ASSIGNMENT> Look below for the line containing "Aniston 3x12 Polished" and the line containing "I strongly considered", then set down both and every line between them exactly, without pictures.

LISTED ENTRIES>
==*==
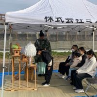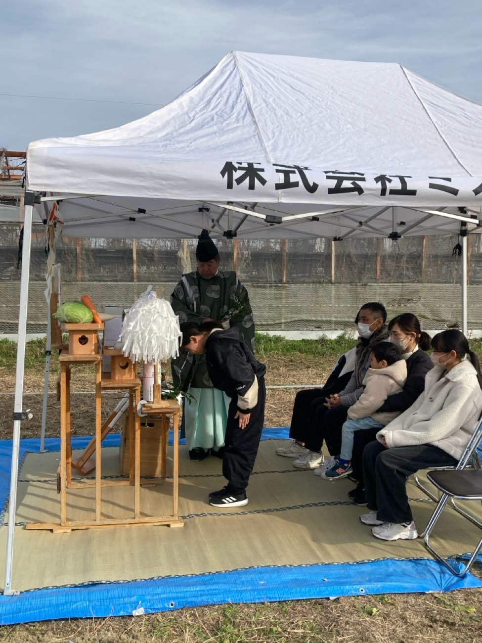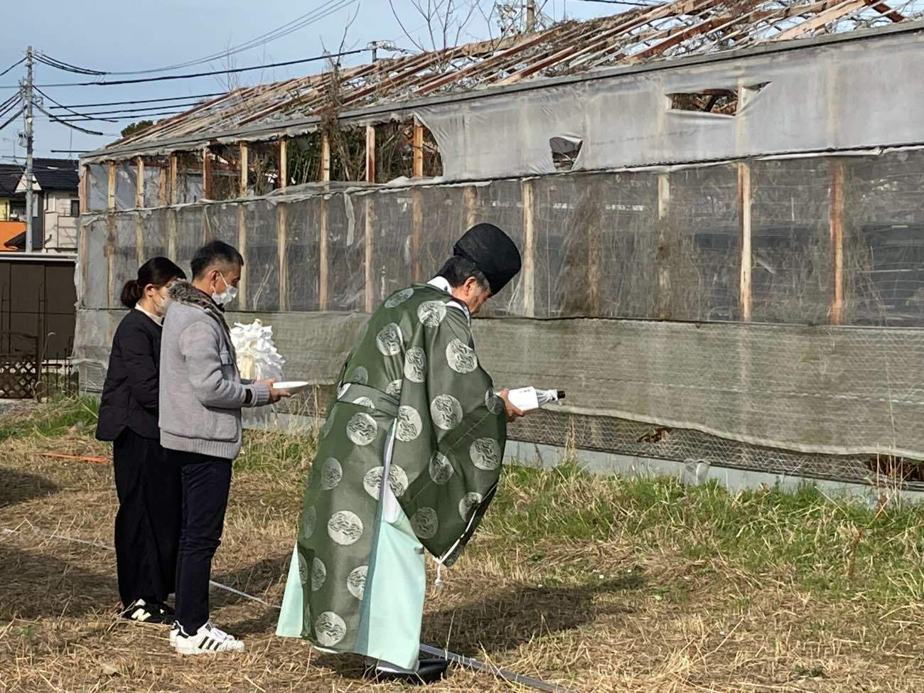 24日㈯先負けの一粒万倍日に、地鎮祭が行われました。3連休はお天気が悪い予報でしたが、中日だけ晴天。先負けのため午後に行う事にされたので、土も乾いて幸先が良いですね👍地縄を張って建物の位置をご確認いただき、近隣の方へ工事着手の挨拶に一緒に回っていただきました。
==*==
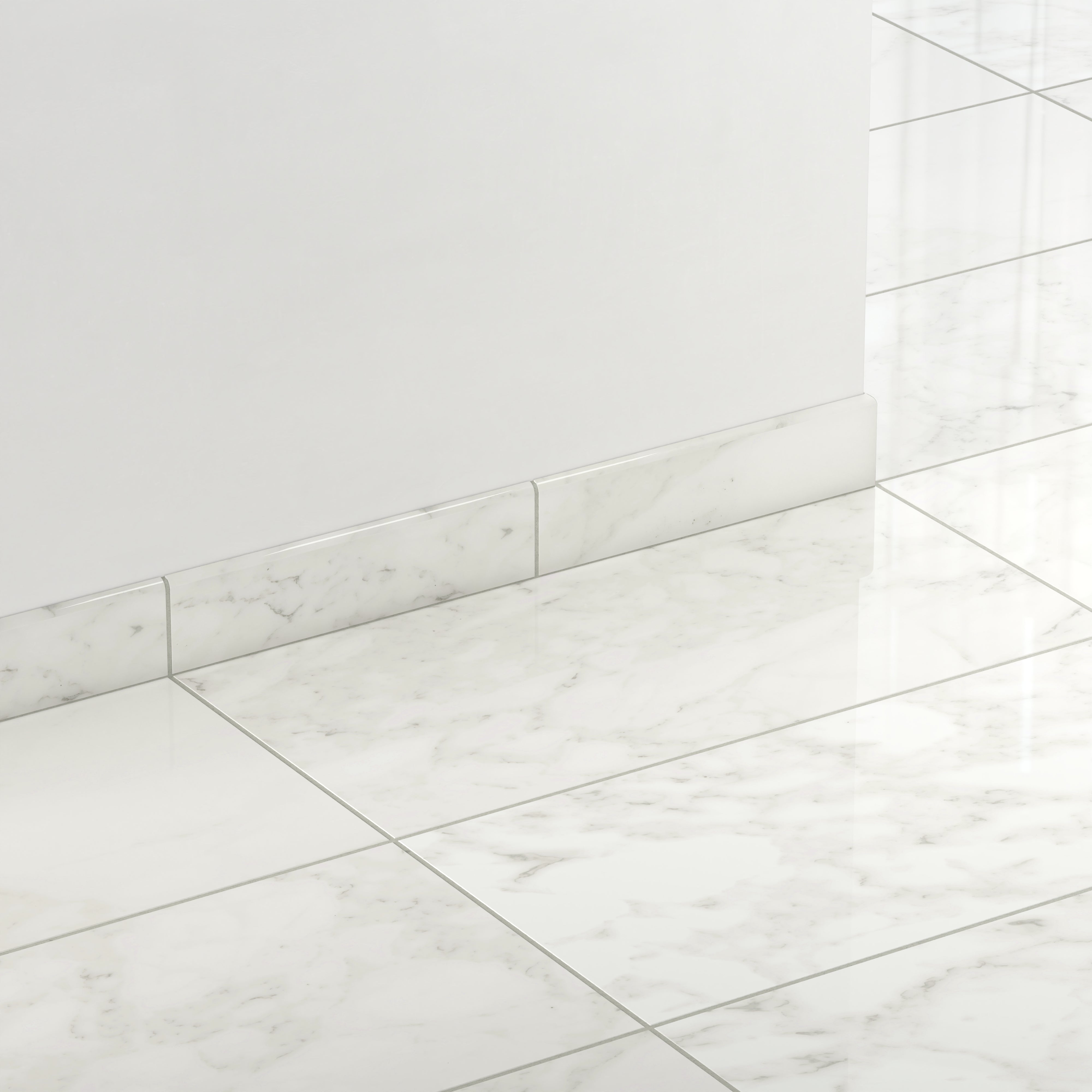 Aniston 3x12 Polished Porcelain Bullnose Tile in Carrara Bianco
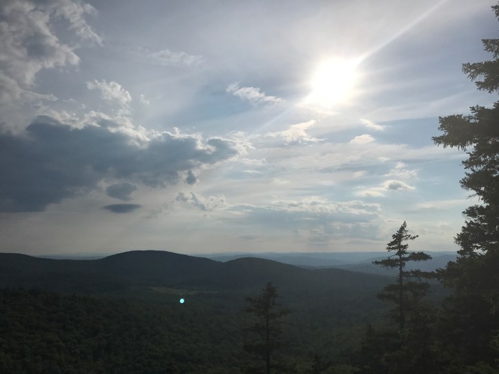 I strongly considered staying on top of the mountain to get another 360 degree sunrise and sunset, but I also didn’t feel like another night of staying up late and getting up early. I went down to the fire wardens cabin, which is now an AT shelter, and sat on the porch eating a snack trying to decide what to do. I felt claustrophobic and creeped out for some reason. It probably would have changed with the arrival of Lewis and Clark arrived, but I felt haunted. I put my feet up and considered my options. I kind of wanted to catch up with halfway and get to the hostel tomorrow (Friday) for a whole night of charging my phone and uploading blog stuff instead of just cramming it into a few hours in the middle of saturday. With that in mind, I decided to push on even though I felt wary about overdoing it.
==*==
TASK OUTPUT>
 Aniston 3x12 Polished Porcelain Bullnose Tile in Carrara Bianco
 I strongly considered staying on top of the mountain to get another 360 degree sunrise and sunset, but I also didn’t feel like another night of staying up late and getting up early. I went down to the fire wardens cabin, which is now an AT shelter, and sat on the porch eating a snack trying to decide what to do. I felt claustrophobic and creeped out for some reason. It probably would have changed with the arrival of Lewis and Clark arrived, but I felt haunted. I put my feet up and considered my options. I kind of wanted to catch up with halfway and get to the hostel tomorrow (Friday) for a whole night of charging my phone and uploading blog stuff instead of just cramming it into a few hours in the middle of saturday. With that in mind, I decided to push on even though I felt wary about overdoing it.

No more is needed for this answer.